This from DVDFile.com ....
An interview with the Kubrick Collection restoration supervisor...
DF: Well, now on to the question of aspect ratio.
This is by far the most contentious area of debate
among our readers. Many are confused between
the aspect ratio Kubrick shot his films in, how
they were exhibited theatrically, and how they are
shown on home video...
LV: Very often, well, if you go back to Dr.

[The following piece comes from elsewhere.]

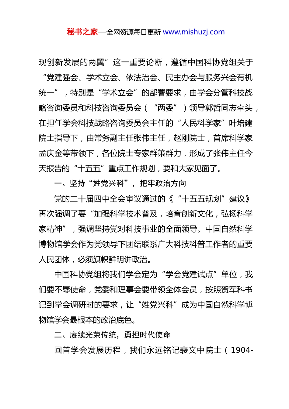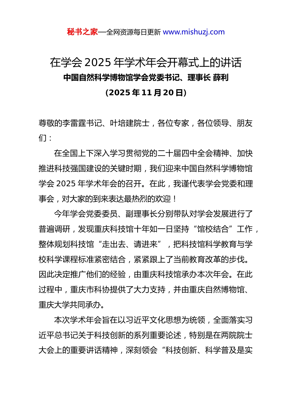 秘书之家—全网资源每日更新 www.mishuzj.com在学会 2025 年学术年会开幕式上的讲话中国自然科学博物馆学会党委书记、理事长 薛利(2025 年 11 月 20 日)尊敬的李雷霆书记、叶培建院士,各位专家,各位领导、朋友们:在全国上下深入学习贯彻党的二十届四中全会精神、加快推进科技强国建设的关键时期,我们迎来中国自然科学博物馆学会 2025 年学术年会的召开。在此,我谨代表学会党委和理事会,对大家的到来表达最热烈的欢迎!今年学会党委委员、副理事长分别带队对学会发展进行了普遍调研,发现重庆科技馆十年如一日坚持“馆校结合”工作,整体规划科技馆“走出去、请进来”,把科技馆科学教育与学校科学课程标准紧密结合,紧紧跟上了当前教育改革的步伐。因此决定推广他们的经验,由重庆科技馆承办本次年会。在此过程中,重庆市科协提供了大力支持,并由重庆自然博物馆、重庆大学共同承办。本次学术年会旨在以习近平文化思想为统领,全面落实习近平总书记关于科技创新的系列重要论述,特别是在两院院士大会上的重要讲话精神,深刻领会“科技创新、科学普及是实秘书之家—全网资源每日更新 www.mishuzj.com现创新发展的两翼”这一重要论断,遵循中国科协党组关于“党建强会、学术立会、依法治会、民主办会与服务兴会有机统一”,特别是“学术立会”的部署要求,由学会分管科技战略咨询委员和科技咨询委员会(“两委”)领导郭哲同志牵头,在担任学会科技战略咨询委员会主任的“人民科学家”叶培建院士指导下,由常务副主任张伟主任,赵刚院士,首席科学家孟庆金等带领下,各位院士专家群策群力,形成了张伟主任今天报告的“十五五”重点工作规划,要和大家见面了。一、坚持“姓党兴科”,把牢政治方向党的二十届四中全会审议通过的《“十五五规划”建议》再次强调了要“加强科学技术普及,培育创新文化,弘扬科学家精神”,强调坚持党对科技事业的全面领导。中国自然科学博物馆学会作为党领导下团结联系广大科技科普工作者的重要人民团体,必须旗帜鲜明讲政治。中国科协党组将我们学会定为“学会党建试点”单位,我们要不辱使命,党委和理事会要带领全体会员,按照贺军科书记到学会调研时的要求,让“姓党兴科”成为中国自然科学博物馆学会最根本的政治底色。二、赓续光荣传统,勇担时代使命回首学会发展历程,我们永远铭记裴文中院士(1904-秘书之家—全网资源每日更新 www.mishuzj.com1982),作为中国自然科学博物馆协会创始人和第一届理事长,他是第一个北京猿人头盖骨的发现者,是中国旧石器考古学,第四纪哺乳动物学和地层学的奠基人,北大地质系毕业、获巴黎大学博士学位的裴文中理事长,在他身上体现出的自强不息的科学探索和创新精神,至今对学术界有深刻的影响。他虽然已于 1982 年仙逝,但是我们永远不会忘记他对党忠诚,学术严谨,培育新人的办会初衷。在学会创立之初的裴文中院士、周明镇院士到李象益、徐善衍、程东红等历任理事长的卓越领导下,中国自然科学博物馆学会不断开拓创新,取得了显著成就,积累了丰富经验,是我们继往开来的力量源泉。三、聚焦年会主题,共绘发展蓝图本次学术年会,我们按照“顶层设计、系统集约、系统工程”的重要理念和方法,力求体现系统性、前瞻性和实践性。学会党委扩大会研究决定,由学会科技战略咨询委员会提出“十五五”规划的基本原则建议,请学会科技战略咨询委员会常务副主任张伟同志,向大家报告学会科技咨询委“十五五”规划(征求意见稿),提交大会审议,并请各专委会、工委会从各个学术领域提出落实措施,形成自己专委会、工委会的规划。秘书之家—全网资源每日更新 www.mishuzj.com我们今年学术年会的主角是“人民科学家”,学会科技战略咨询委员会主任叶培建院士,作《追逐梦想、勇于探索,创新是“探月精神”的灵魂》的主题报告,他将为我们展现老一辈航天人航天报国的家国情怀、严谨务实的工作作风、合作共赢的开放精神,开启一场精神洗礼和学术盛宴。我们还有两支主角团队,一是围绕叶培建院士主报告展开的特邀报告团队,比如学会高级专家张东辉院士的《利用机器学习揭开水的奥秘》,学会党委委员...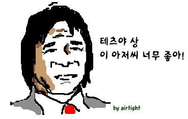 다케다 테츠야 아저씨. 이 우락부락한 아저씨를 처음 본순간. 아저씨의 외모에 압도(?)되어서 드라마의 재미를 위해서라지만 해도 너무한다는 생각이 안들 수가 없었다. (위 그림도 그리다보니 상당히 미화된 것이다. ㅋㅋ) 하지만, 드라마상의 인물 그리고 이 '테츠야'상이라는 배우를 조금 알게되면 누구라도 좋아할 남자임에 틀림없다. 인간적인 매력을 느끼게 하는 사람이며 또한 보기와 다르게(?) 학식있는 사람이다. 실제로 테츠야상은 일본에서 배우이외에 작가로도 이름을 쌓은 명망높은 사람이다.

Strangelove, for example, he shot that in the camera
basically "full frame,." (Roughly 1.37:1) But you will
see if you look at the film that very often, there will be
mattes (Editor: Black bars on the top and bottom
masking off a portion of the image to achieve a
wider aspect ratio) in one shot, then in the next shot
there will be no mattes. Then the next shot there will
be, then the next shot there won't. With A Clockwork
Orange, it is basically 1.66:1, and that is how he shot it
in the camera, but from time to time you'll see that
there is a slight shift in his aperture (thus slightly
affecting the aspect ratio.) And that is just how he shot
it, and what Stanley had always wanted was a video
version of his film as he shot it in the camera, not
necessarily how it was projected. That was very
important to him. And he did not particularly like
DF: Well, to take The Shining as an example
again, many are distracted in the opening
sequence by the infamous "helicopter blades."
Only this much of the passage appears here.